Among the new compounds, the bidentate ligands (L1–L9) displayed variable anti-proliferative effects that varied from the moderate (IC₅₀: 1.26 µM) activity of L1 against MCF-7 cells, to the more limited (>4.34–12.5 µM) efficacy observed for all these chelators across the 3 cell-types (Table 1). In contrast, the tridentate naphthofuran-based ligands L10–L13 demonstrated consistent and superior efficacy, with IC₅₀ values of 1.17–3.21 µM across all cell-types. These tridentate ligands were significantly (p < 0.001) more active than DFO in all cell types, except for L11 in MCF-7 cells, where activity was comparable.

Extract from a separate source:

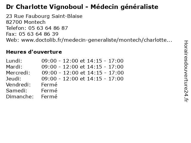 2 Maître Charlotte Lévi - Avocate (Distance: 12,58 km) 14 rue de la Comédie, 82000 Montauban avocate, avocats, cabinet, charlotte, conseils, contentieux, juridique, justice, litiges, lévi, maître, services 3 Charlotte Barreau - Sage-femme (Distance: 12,62 km) 100 rue Leon Cladel, 82000 Montauban barreau, charlotte, consultation, docteur, femme, med, medecine, medical, médecin, sage, traitement 4 Dr Charlotte Dalet - Médecin généraliste (Distance: 12,62 km) 100 rue Leon Cladel, 82000 Montauban charlotte, consultation, dalet, docteur, dr, généraliste, med, medecine, medical, médecin, traitement 5 Dr Charlotte Dumez - Psychiatre (Distance: 13,35 km) 330 Avenue Charles de Gaulle, 82000 Montauban charlotte, dr, dumez, folie, psychiatre, psychiatrie, psychiatrique 6 Charlotte Zago - Ostéopathe (Distance: 14,17 km) 23 Chemin des Ramonets, 82000 Montauban charlotte, ostéo, ostéopathe, ostéopathes, soins, zago |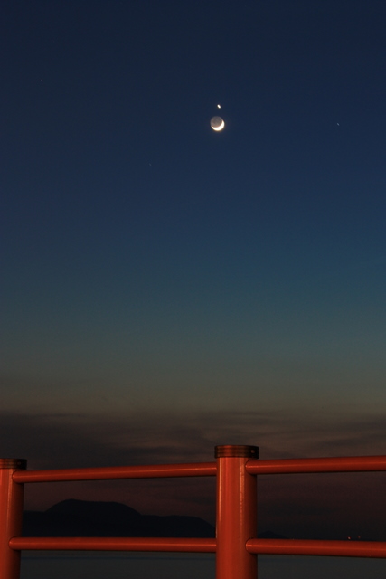 先週の金曜日から、今週の金曜日までの一週間のあいだ夜9時まで残業でした。おかげで体クタクタでございます。明日は日曜日・・・・ゴロゴロするぞぉー!これは先週の16日夜、西の空で輝く宵の明星「金星」の下に、月が寄り添うように大接近したのを撮影してみました。 これってけっこう珍しい現象らしいですね。私は何も知らずに奥さんのリクエストされたので撮っただけなんですが。シャッタースピードを30秒にしてますので、月も金星も微妙に動いてます(汗)来週も工程の遅れの影響もあり夜9時残業になりそうです(汗)仕事なんで仕方ないですが、祖母の面会に行けないのが申し訳ないです。

Relative to 311, L10–L13 exhibited similar or greater potency, with greater efficacy in the more aggressive MDA-MB-231 triple-negative breast cancer cells (Table 1). This improved activity relative to the bidentate L1–L9 is attributed to their enhanced complex stability via the chelate effect and the NNO donor set, which provides stronger and more geometrically favorable coordination.¹²

2.3. Potently enhanced anti-proliferative activity of ligands L10–L13 upon Ga(III) complexation

The Cu(II) and Zn(II) complexes of L10–L13 exhibited minimal or inconsistent changes in anti-proliferative activity versus the ligand, with modest enhancements ranging from 1.02- to 3.11-fold and, in some cases, reduced potency (Table 2). In contrast, Ga(III) complexation led to marked and significant (p < 0.001–0.0001) increases in anti-proliferative activity relative to the respective ligands across all cell types. Importantly, [Ga(NO₃)₃] alone displayed very limited cytotoxicity (IC₅₀ = 88.6 ± 1.2 µM in SK-N-MC and 78.9 ± 2.0 µM in MCF-7 cells), confirming that free Ga(III) is biologically poorly active⁸⁶ under these conditions (Table S3).^31,86 In contrast, [Ga(L12)₂]⁺ markedly and significantly (p < 0.0001) enhances potency in both cell-types (IC₅₀ = 0.099 ± 0.010 µM and 0.292 ± 0.050 µM, respectively), consistent with effective cellular delivery. In fact, the potency of [Ga(L12)₂]⁺ was increased by 270–895-fold relative to [Ga(NO₃)₃].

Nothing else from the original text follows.